(YOUR GOAL) Word for word, output the data, with none of its pictures.

(STORED DATA)
========================================================================
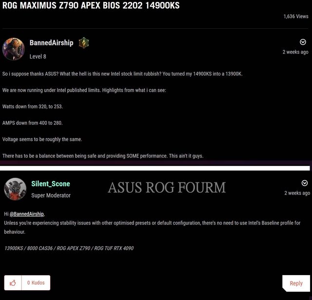 INTEL 在回應中提到"BIOS default settings guidance"和"default BIOS profile",
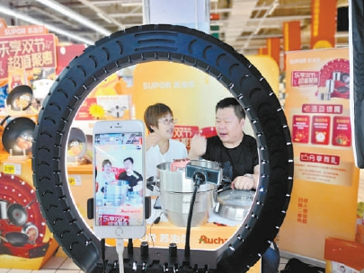 日前,在西四环欧尚购物中心厨具柜台前,两名售货员“粉墨登场”,用新颖的视频直播方式进行“双节”前的炊具促销活动,吸引了众多顾客。本报特约摄影 樊甲山
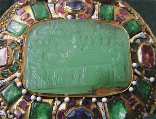Not inferior to the cities of Germany and Prague, where the walls and ceilings of chapels and cathedrals are decorated with many mosaics of the XIV century. It is from this time that chrysoprase begins to be widely used in many fields of art. Elegant mosaic compositions are found in the chapels of St. Catherine in Karlštejn. The famous Karlštejn mosaic looks like a magic carpet. In Prague Castle, the St. Wenceslas Chapel also has superb rare mosaic coatings.
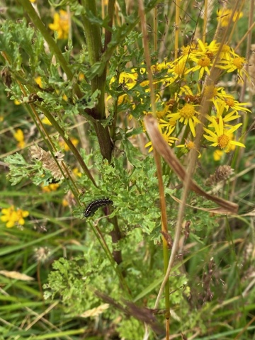 There are still thistles in the paddocks and I was delighted to find caterpillars on ragwort (which fascinated me as a child) and spider nurseries in gorse bushes.
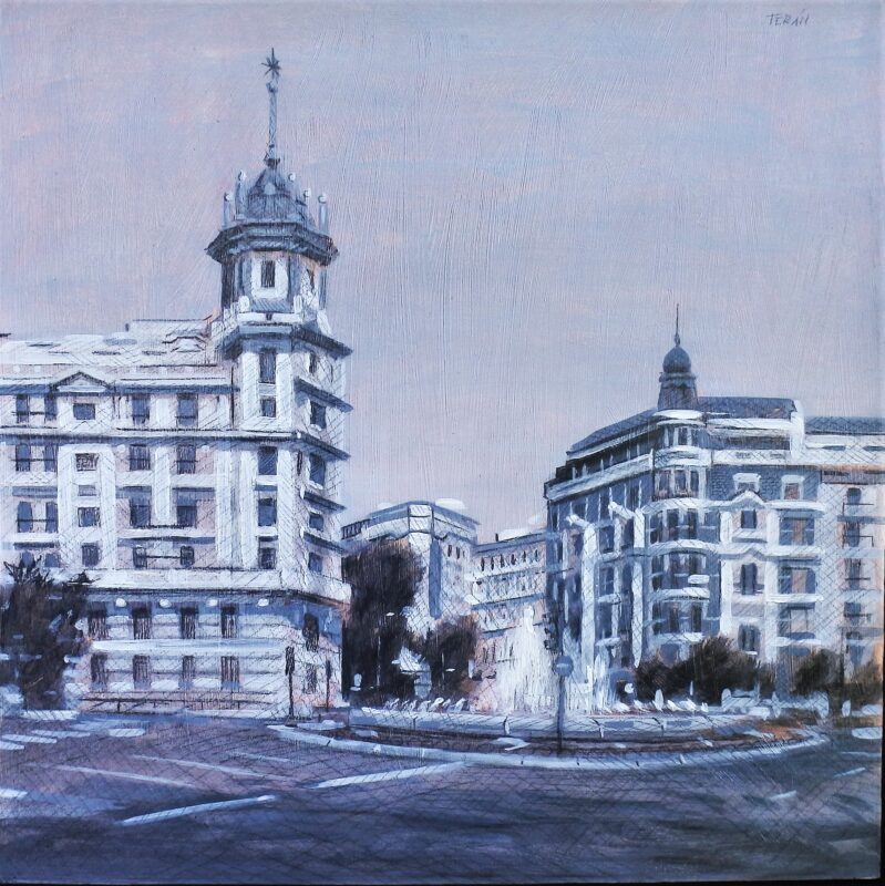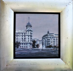 Manuel Terán, Madrid, Plaza de Alonso Martinez, pintura oleo sobre tabla, enmarcado, pintura 30×30 cms. y marco 51×51 cms.
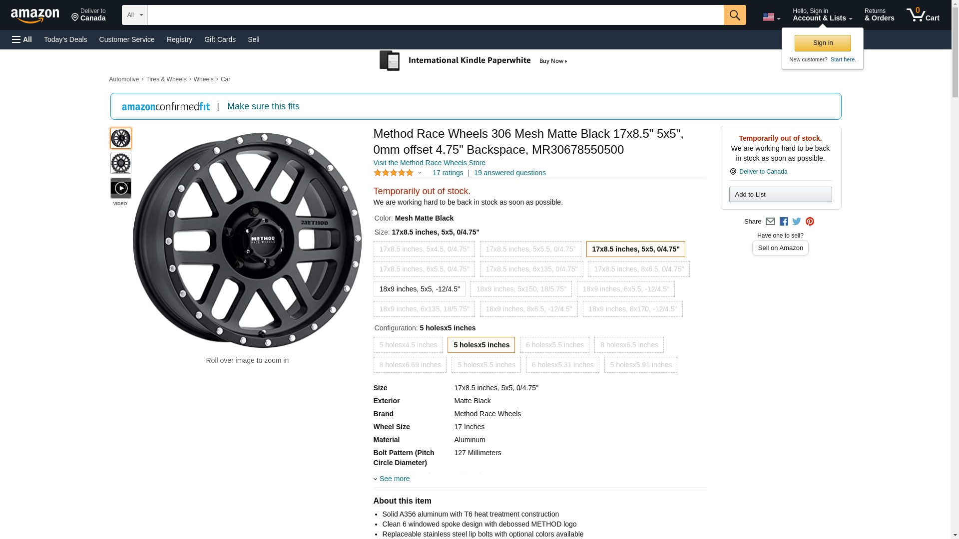 Method Race Wheels 306 Mesh Matte Black 17x8.5" 5x5", 0mm offset 4.75" Backspace, MR30678550500
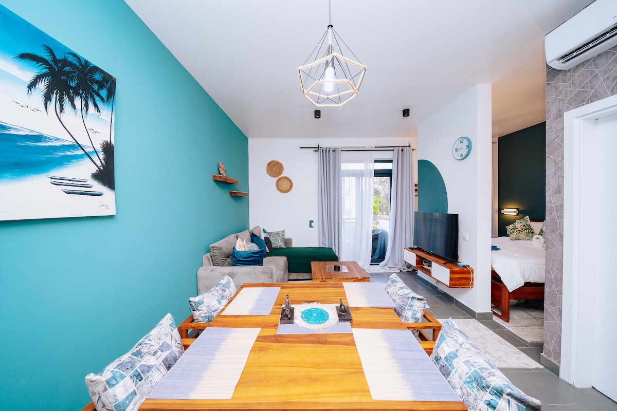 Bine ai venit la Paje Beach! Acest apartament cu grădină privată este locul tău pentru un sejur liniștit și relaxant, la doar câțiva pași de plajă, restaurante și magazine. Acest apartament frumos din complexul „The Soul” poate găzdui 2 adulți, plus un copil de până la 3 ani într-un pătuț de călătorie (disponibil la cerere). Apartamentul este complet echipat cu aer condiționat, congelator și TV inteligent și decorat cu gust. O piscină în lagună cu secțiune de mică adâncime pentru copii se află chiar în fața apartamentului.
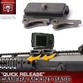 ●素早く着脱可能なクイックリリースタイプ! ●銃のレイルにビデオカメラやナイトビジョン、サーマルビジョンの取付けが可能に! ●高品質で高精度な日本製!! 近年ビデオカメラの小型軽量化が進みスポーツシーンの動画撮影などに特化した商品も市場に多く見られるようになりました。 そこで銃本体に小型のカメラを取付けリアルな視点の映像と臨場感を得たいとお考えのユーザー様にお勧めするのがこのカメラマウントベースです! カメラ用三脚に使われているネジ規格を採用し、規格に適合したネジ穴を持つ製品であればウェアラブルカメラやデジタルカメラはもちろんのことナイトビジョンやサーマルビジョンなどの光学機器にも対応します! ベース本体は軽量高強度なアルミ合金製の純国内加工生産品! ピカティニー規格レイルに各種カメラを取付けることが可能です!! 各種レイル対応機器を強固に取り付ける事ができるだけでなくクイックに取り付けが可能になります。 |
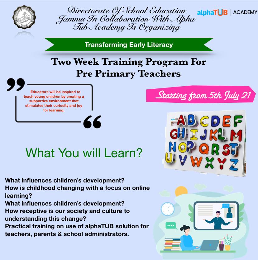 Jammu: On Directorate of School Education Jammu in collaboration with Alphatub academy is organising 2-week online program for Pre-primary teachers in the use of customised Alphatub alphabet board, which are being distributed to 50 Pre-primary schools, free of cost by Alphatub private Ltd.
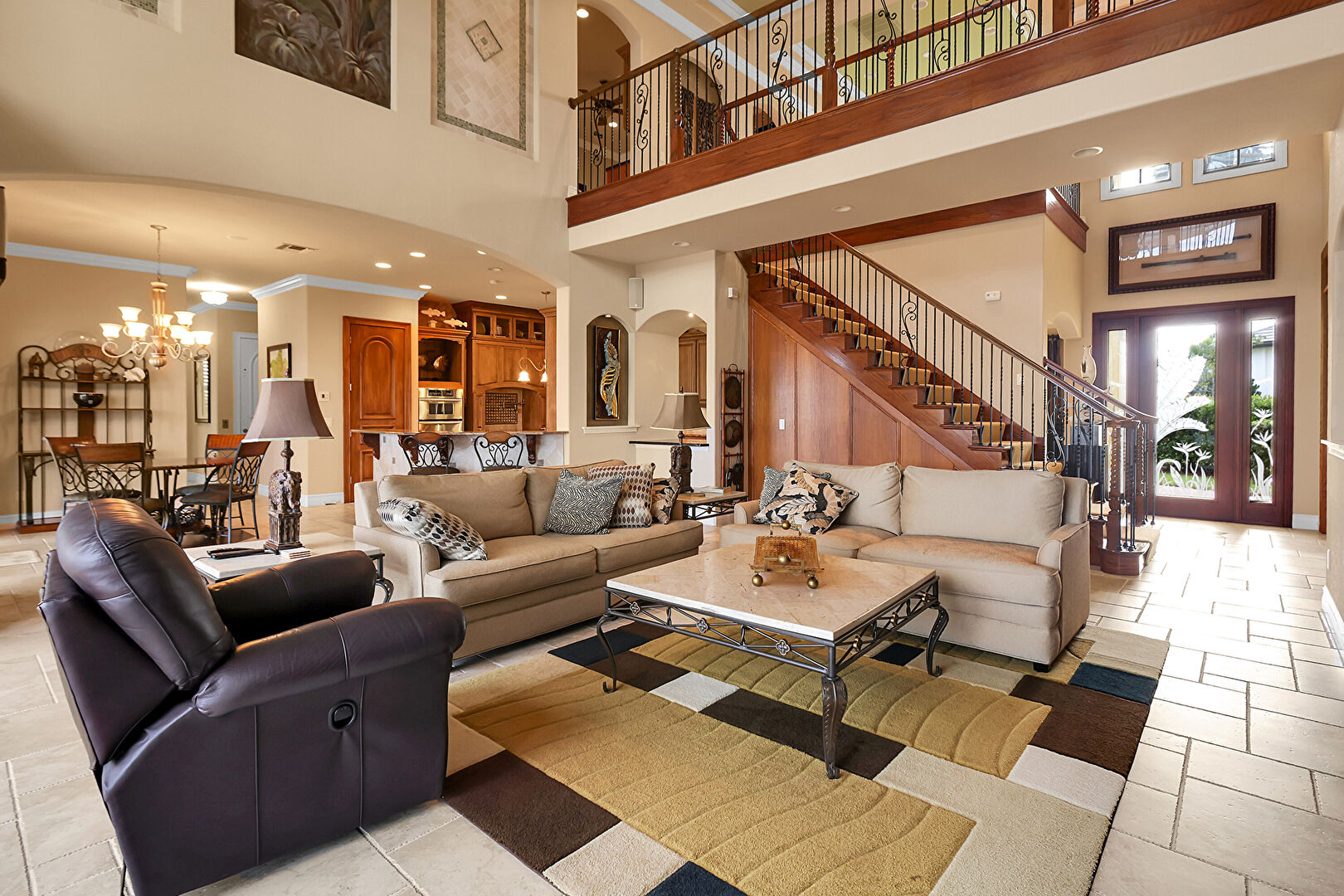 Arched Walkways, Baseboards Wall, Drywall, High Ceiling, Stairs, Stone Finish Floor, Natural Light
========================================================================
(EXERCISE OUTPUT)
 INTEL 在回應中提到"BIOS default settings guidance"和"default BIOS profile",
 日前,在西四环欧尚购物中心厨具柜台前,两名售货员“粉墨登场”,用新颖的视频直播方式进行“双节”前的炊具促销活动,吸引了众多顾客。本报特约摄影 樊甲山
Not inferior to the cities of Germany and Prague, where the walls and ceilings of chapels and cathedrals are decorated with many mosaics of the XIV century. It is from this time that chrysoprase begins to be widely used in many fields of art. Elegant mosaic compositions are found in the chapels of St. Catherine in Karlštejn. The famous Karlštejn mosaic looks like a magic carpet. In Prague Castle, the St. Wenceslas Chapel also has superb rare mosaic coatings.
 There are still thistles in the paddocks and I was delighted to find caterpillars on ragwort (which fascinated me as a child) and spider nurseries in gorse bushes.
 Manuel Terán, Madrid, Plaza de Alonso Martinez, pintura oleo sobre tabla, enmarcado, pintura 30×30 cms. y marco 51×51 cms.
 Method Race Wheels 306 Mesh Matte Black 17x8.5" 5x5", 0mm offset 4.75" Backspace, MR30678550500
 Bine ai venit la Paje Beach! Acest apartament cu grădină privată este locul tău pentru un sejur liniștit și relaxant, la doar câțiva pași de plajă, restaurante și magazine. Acest apartament frumos din complexul „The Soul” poate găzdui 2 adulți, plus un copil de până la 3 ani într-un pătuț de călătorie (disponibil la cerere). Apartamentul este complet echipat cu aer condiționat, congelator și TV inteligent și decorat cu gust. O piscină în lagună cu secțiune de mică adâncime pentru copii se află chiar în fața apartamentului.
 ●素早く着脱可能なクイックリリースタイプ! ●銃のレイルにビデオカメラやナイトビジョン、サーマルビジョンの取付けが可能に! ●高品質で高精度な日本製!! 近年ビデオカメラの小型軽量化が進みスポーツシーンの動画撮影などに特化した商品も市場に多く見られるようになりました。 そこで銃本体に小型のカメラを取付けリアルな視点の映像と臨場感を得たいとお考えのユーザー様にお勧めするのがこのカメラマウントベースです! カメラ用三脚に使われているネジ規格を採用し、規格に適合したネジ穴を持つ製品であればウェアラブルカメラやデジタルカメラはもちろんのことナイトビジョンやサーマルビジョンなどの光学機器にも対応します! ベース本体は軽量高強度なアルミ合金製の純国内加工生産品! ピカティニー規格レイルに各種カメラを取付けることが可能です!! 各種レイル対応機器を強固に取り付ける事ができるだけでなくクイックに取り付けが可能になります。 |
 Jammu: On Directorate of School Education Jammu in collaboration with Alphatub academy is organising 2-week online program for Pre-primary teachers in the use of customised Alphatub alphabet board, which are being distributed to 50 Pre-primary schools, free of cost by Alphatub private Ltd.
 Arched Walkways, Baseboards Wall, Drywall, High Ceiling, Stairs, Stone Finish Floor, Natural Light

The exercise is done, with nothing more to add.